80 lines (61 loc) · 5.86 KB

...or one RDF library to rule 'em all!

The main idea behind banana-rdf is to make your code as generic is possible, so sometimes only several lines of code are specific to RDF database of your chose and you can switch easily.

When comparing tests of different underlying RDF implementations, like Sesame and Jena it is easy to spot that there are only several lines of code there, so all tests (with a lot of complex stuff that is checked there) are defined in generic abstract classes that have nothing to do with implementations! It reveals the core principle of BananaRDF: once written, your code will work for all supported RDF libraries with only minor changes and you can switch easily whenever you want to or add your own implementation.

NOTE: until we write thorough documentation, tests are the best place to understand what you can do and how test suite.

How was it possible to achieve this? To add support of your own RDF library you just have to extend: RDF trait , RDF operations trait, and Sparql operations trait

In general there are two common ways of implementing a generic library that supports many implementations:

  1. Convince them all to adopt common interfaces. In reality, it is hard to achieve as negotiations with libraries maintainers are required and often such implementations are not full.
  2. Wrap classes of other libraries into your own classes. In such case no negotiations are needed, but wrapping takes efforts and is not good for performance and code clarity.

'banana-rdf' uses neither of them! By leveraging such cool features of scala like type classes, implicits and type aliases it is possible to add support of many implementations without wrapping and negotiations.
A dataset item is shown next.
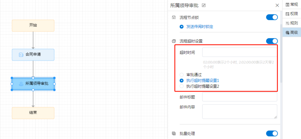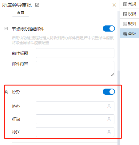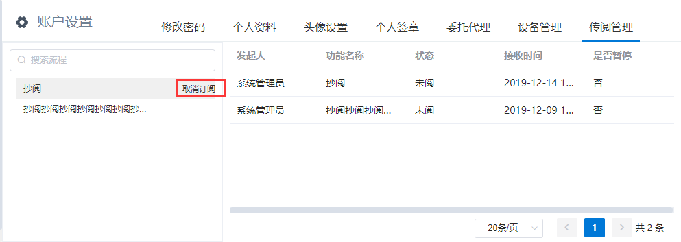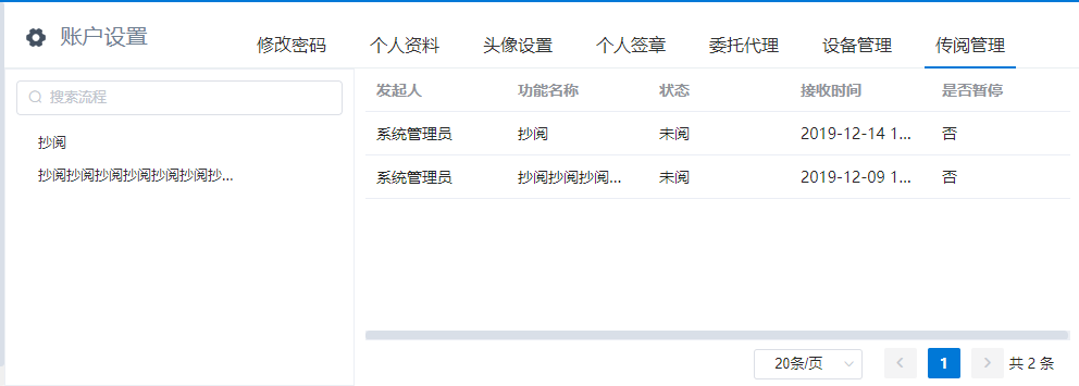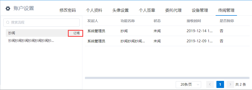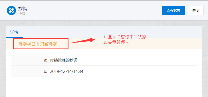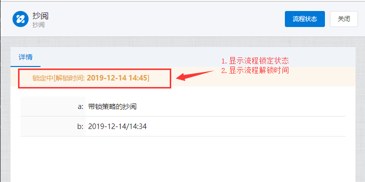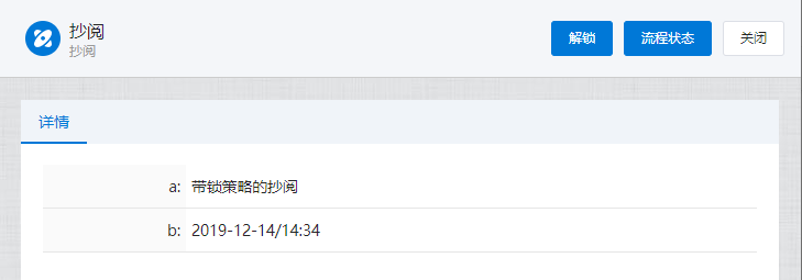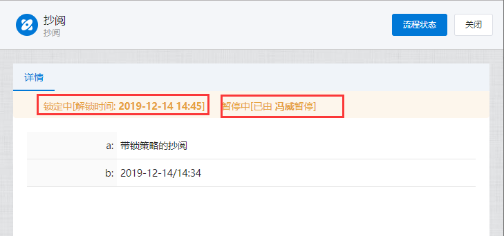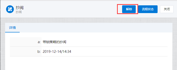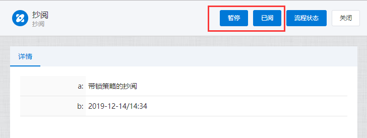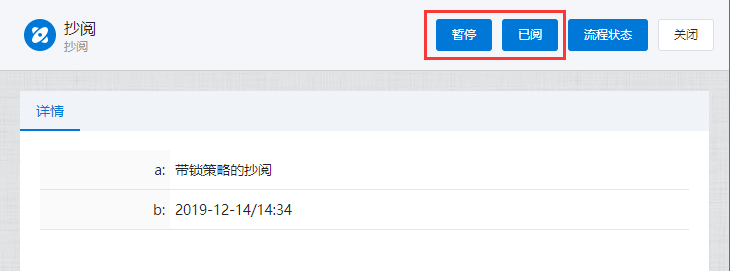 # 抄阅 ## 一、流程抄阅 ### 1\.1、设置抄阅接收人 选中审批节点,在右边停靠栏,\[高级]\-\>协办项中设置传阅接收人。  支持按人员,按组织岗位选择,按自定义规则动态生成抄阅人员。  ### 1\.2、设置抄阅邮件模板 抄阅时,抄阅人在移动端有消息提醒,PC端需有邮件提醒。  ## 二、锁策略的流程抄阅 第一章节简要介绍了流程抄阅的基本功能与设置。带有锁策略的抄阅功能,可以实现被抄阅的领导及业务相关人员实现对流程的暂停和解锁功能。 ### 2\.1、功能介绍 设置了“抄阅锁策略”和“超时时间”的流程节点,在许可时间内,流程处于不可提交状态,审批人在该节点上的表单被锁定。被抄阅人员,可**暂停**流程,只限被抄送节点。 **暂停流程**:被抄阅人表单有“暂停”按钮,流程暂停后;审批人打开该流程节点的待办页面,表单上要显示“暂停”状态,同时控制不能提交。 **解锁流程**:点击了“暂停”按钮的被抄阅人,在待阅表单页面,会显示“解锁”按钮。流程暂停后,只有暂停人员才可以解锁。 ### 2\.2、设置锁策略的抄阅 选中审批节点,在右边停靠栏,高级项中设置“锁策略”和“许可时间”,锁策略选择“发送传阅时执行锁定”。许可时间规定了流程被锁定的时间,以及被抄阅人可以暂停干预流程执行的有效时间范围。 ==注:许可时间的单位为分钟。==  ### 2\.3、被抄阅人暂停流程 流程节点待办人:带锁策略的流程,发起抄阅后,改节点的流程审批人进入待办页面,表单显示锁定状态。  流程节点待阅人:被抄阅人员,显示“暂停”、“已阅”按钮。在许可时间范围内,可暂停流程。  抄阅人点击“暂停”按钮,流程暂停,表单出现“解锁”按钮。  其他抄阅人:被暂停的流程,表单上要显示“暂停”状态,同时控制不能提交。  流程待办人:显示流程锁定状态、暂停状态。  ### 2\.4、暂停人解锁抄阅 暂停人暂停流程后,表单显示“解锁按钮”,如下:  在许可时间范围内,点击解锁按钮,抄阅人的表单恢复初始状态。**这时,其他抄阅人在许可时间范围内也可以抢先暂停流程。**  ### 2\.5、许可时间过期 许可时间过期后,不在出现暂停和锁定状态,流程可以自由流转。 ## 三、抄阅订阅 抄阅人可实现对流程节点的订阅,取消订阅后,**被抄阅人不再接收到该流程所有的抄阅信息**。用户点击“进入后台”,在“账户设置”栏的“传阅管理”页签,可以查看到用户所有的被抄阅信息:  点击左侧已接收待阅信息的流程列表,用户可以“取消订阅”和“恢复订阅”。

Let's understand how it works! Banana-rdf heavily relies on type aliases and type classes. If you have not heard about the concept of type classes before it is recommended to read some articles (like this one) or watch some videos (like this one) about them before reading further. As an example let's look how Sesame support is done. The most important trait of banana-rdf is an RDF trait that contains nothing but a type aliases to be overriden. Each implementation (Jena, Sesame, Plantain, N3js, etc) overrides this trait with its own native types. In case of Sesame it looks like this:

  trait Sesame extends RDF {
    // types related to the RDF datamodel
    type Graph = Model
    type Triple = Statement
    type Node = Value
    type URI = SesameURI
    type BNode = SesameBNode
    type Literal = SesameLiteral
    type Lang = String

  // + one some extra lines of code
 }

The implicit resolution in Scala works in a way that it tries to resolve missing implicit from companion object of generic parameters that are passed to generic methods. That means that you can define a lot of implicits in some companion object of some class and pass this class as type parameter to generic methods only to get implicits from it resolved. This trick is heavily used to implement a type-class pattern in Scala. In case of banana-rdf, Sesame (and also Jena,Plantain and other traits that extends RDF class) has a Sesame companion object that has a lot of implicits with different operations inside. A common way of working is based on usage of these generic "Operation traits". Such traits have a generic RDF parameter that is used to resolve their implementations from a companion object of RDF type class. Operations objects are used for two purposes: they make different operations with RDF data and they have some useful inside that add "syntax sugar" to the code.

trait RDFOps[Rdf <: RDF]
    extends URIOps[Rdf]
    with RDFDSL[Rdf]
    with CommonPrefixes[Rdf]
    with syntax.RDFSyntax[Rdf] {

  // graph

  def emptyGraph: Rdf#Graph

  def makeGraph(it: Iterable[Rdf#Triple]): Rdf#Graph

  def getTriples(graph: Rdf#Graph): Iterable[Rdf#Triple]

  // + some other code
  }

Here it is easy to see that RDF class with type is passed. RDFOps has no knowledge of implementation types, it just gets type aliases and can only differentiate between triplets, graphs, solutions and manipulates them when it can. So, Sesame support includes passing a class that contains type aliases for sesame RDF types and some extra methods for functions that cannot be defined without knowing Sesame peculiarities. As type aliases are used, no wrapping is involved, everything that is returned is just native Sesame types!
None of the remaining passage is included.